→ **EXERCISE**
Only the lines in the entries below from the line with "The result speaks" to the line with "Top view beach", both included, belong in the answer, transcribed exactly and without pictures.

(Recorded data)
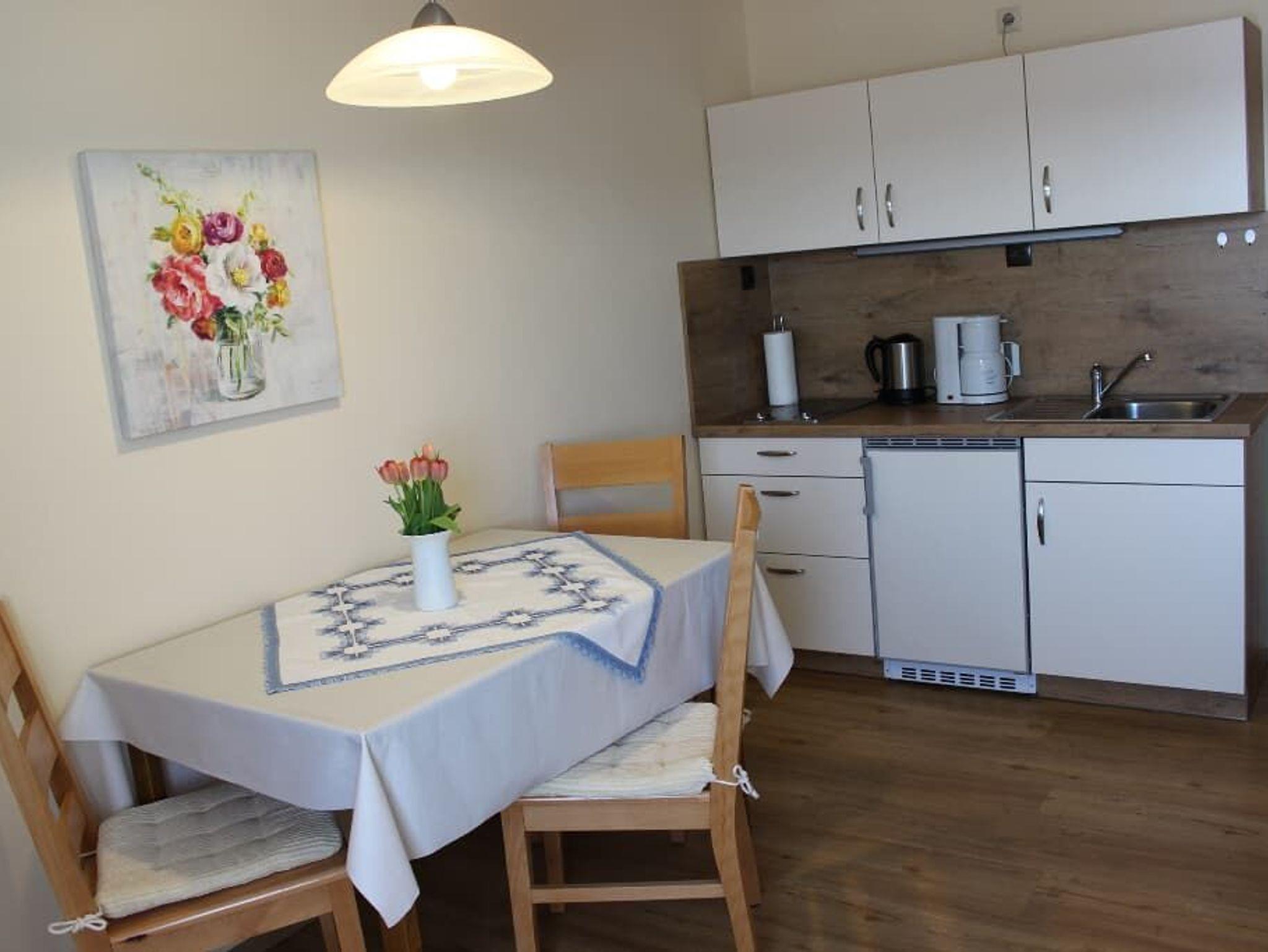 Die Ferienwohnung 1 ist 48qm groß und für 2 Personen ausgelegt. Es gibt ein Schlafzimmer mit einem bequemen Doppelbett und einem Schrank. Die Wohnküche ist ausgestattet mit einem Kühlschrank, einer Kaffeemaschine und einem Toaster, eine Brotmaschine, einen Wasserkocher, außerdem ist Tisch- und Küchenwäsche vorhanden. In der Wohnküche (getrennt vom Schlafbereich) finden Sie zudem einen SAT-TV, sowie ein Radio. Das Bad verfügt über eine Dusche. Ein separates WC befindet sich ebenfalls in der Wohnung. Die Ferienwohnung besitzt außerdem eine Terrasse, eine Liegewiese, sowie ein kleines Sommerhäuschen am Teich im Garten. Handtücher und Bettwäsche sind kostenfrei vorhanden. Nichtraucherwohnung
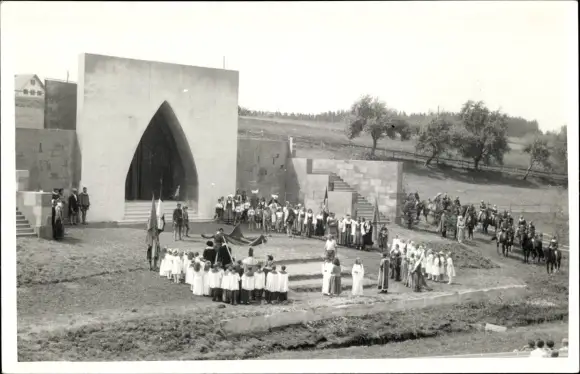 Foto Ak Menschen vor Kirche, Prozession, Gebet
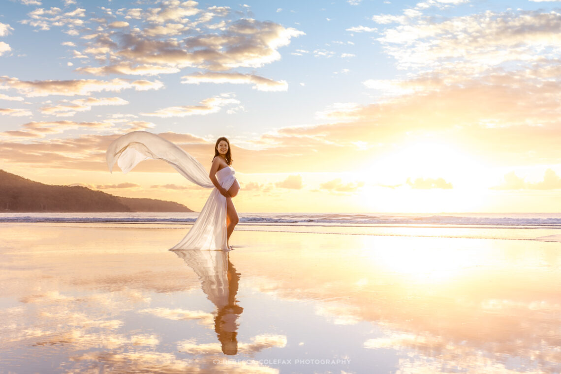 The result speaks for itself. That reflection shot, the whole sky mirrored in the wet sand at Main Beach with the fabric lifting into the air and Noosa Headland glowing in the background, is one of the most spectacular maternity images in the Noosa Photography Co gallery.
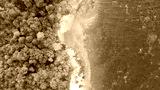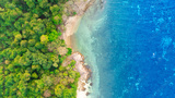Top view beach sand background for summer vacation concept. Beach nature and summer seawater with sunlight light sandy beach Sparkling sea water
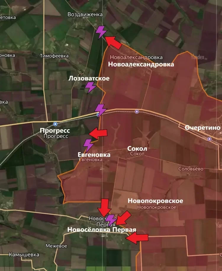 На Покровском направлении основные направления движения ВС РФ на этом участке - в сторону Воздвиженки (для последующего перерезания дороги Покровск - Константиновка) и в сторону Прогресса. Продолжается и штурм Новосёловки Первой. Информация, которая поступает с этого участка, разнится. Многие источники утверждают, что большая часть населённого пункта перешла под контроль ВС РФ. Другие же источники менее оптимистичны и заявляют о боях на северной и восточной окраинах села.
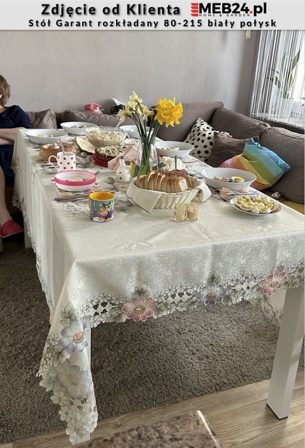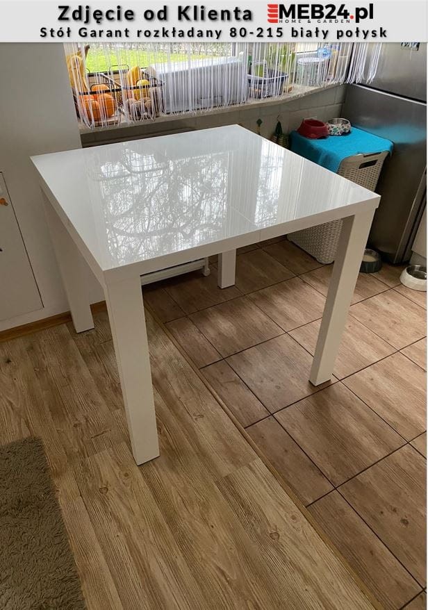 Stół Garant to prosta i stylowa propozycja nowoczesnego, rozkładanego stołu do jadalni lub pokoju dziennego. Stół można łatwo złożyć i rozłożyć przygotowując go do przyjęcia większej liczby gości. Zastosowanie trzech wkładek umożliwia wydłużenie stołu do 215 cm pozwalając zmieścić wygodnie 8 osób. Stół wykonany został z wysokiej jakości płyt w kolorze białego połysku. Stół rozkładany Garant zaprojektowany i wykonany został w Polsce co jest gwarancją jakości - Wspieraj
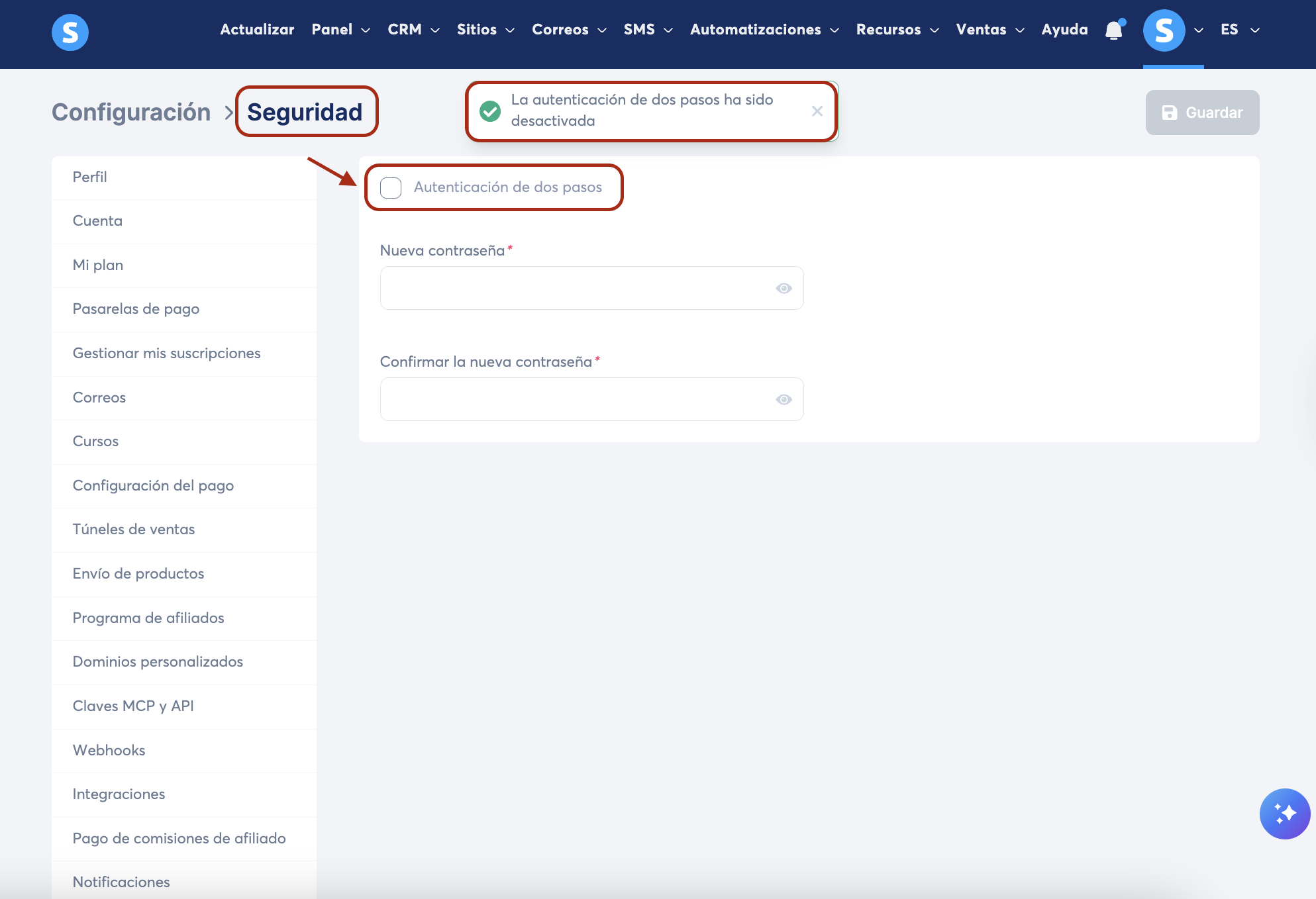 Para deshabilitar la 2FA, ve a Configuración > Seguridad y desactiva la casilla de autenticación de dos pasos.
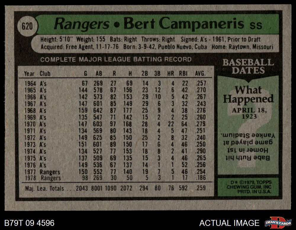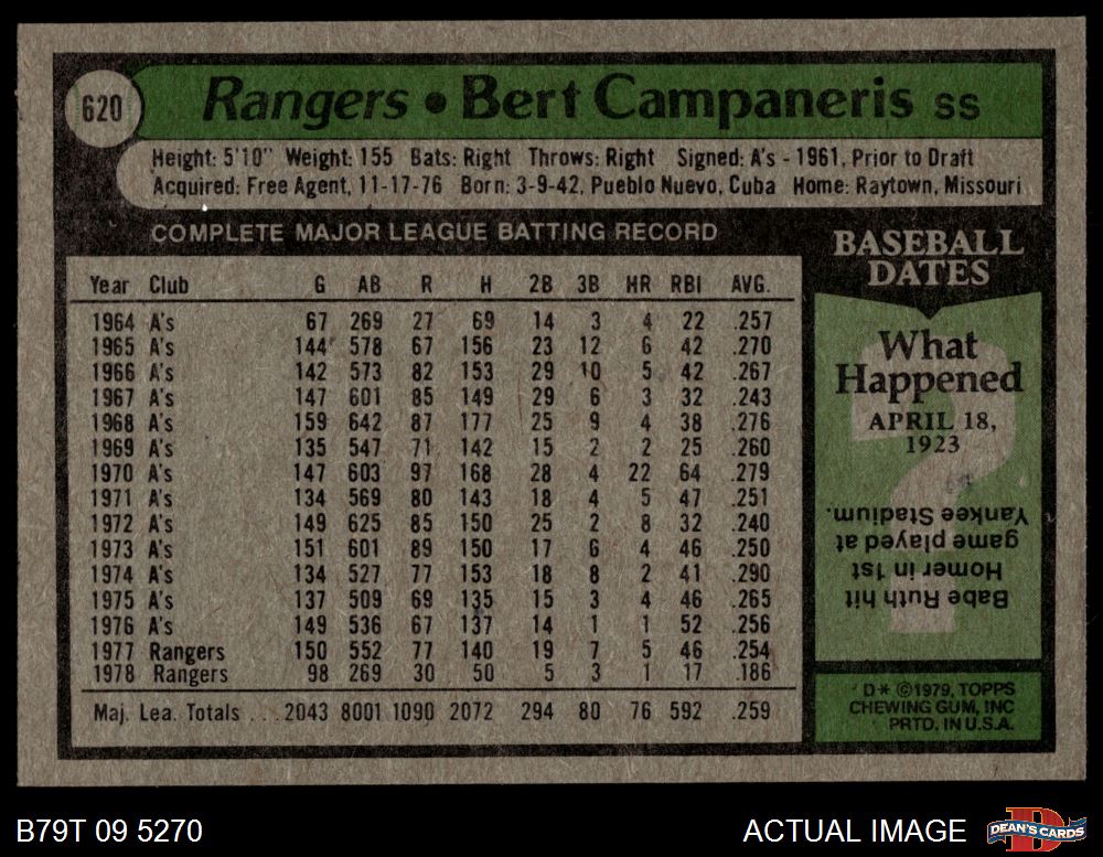 1979 Topps #620 Bert Campaneris

→ **RESPONSE**
 The result speaks for itself. That reflection shot, the whole sky mirrored in the wet sand at Main Beach with the fabric lifting into the air and Noosa Headland glowing in the background, is one of the most spectacular maternity images in the Noosa Photography Co gallery.
Top view beach sand background for summer vacation concept. Beach nature and summer seawater with sunlight light sandy beach Sparkling sea water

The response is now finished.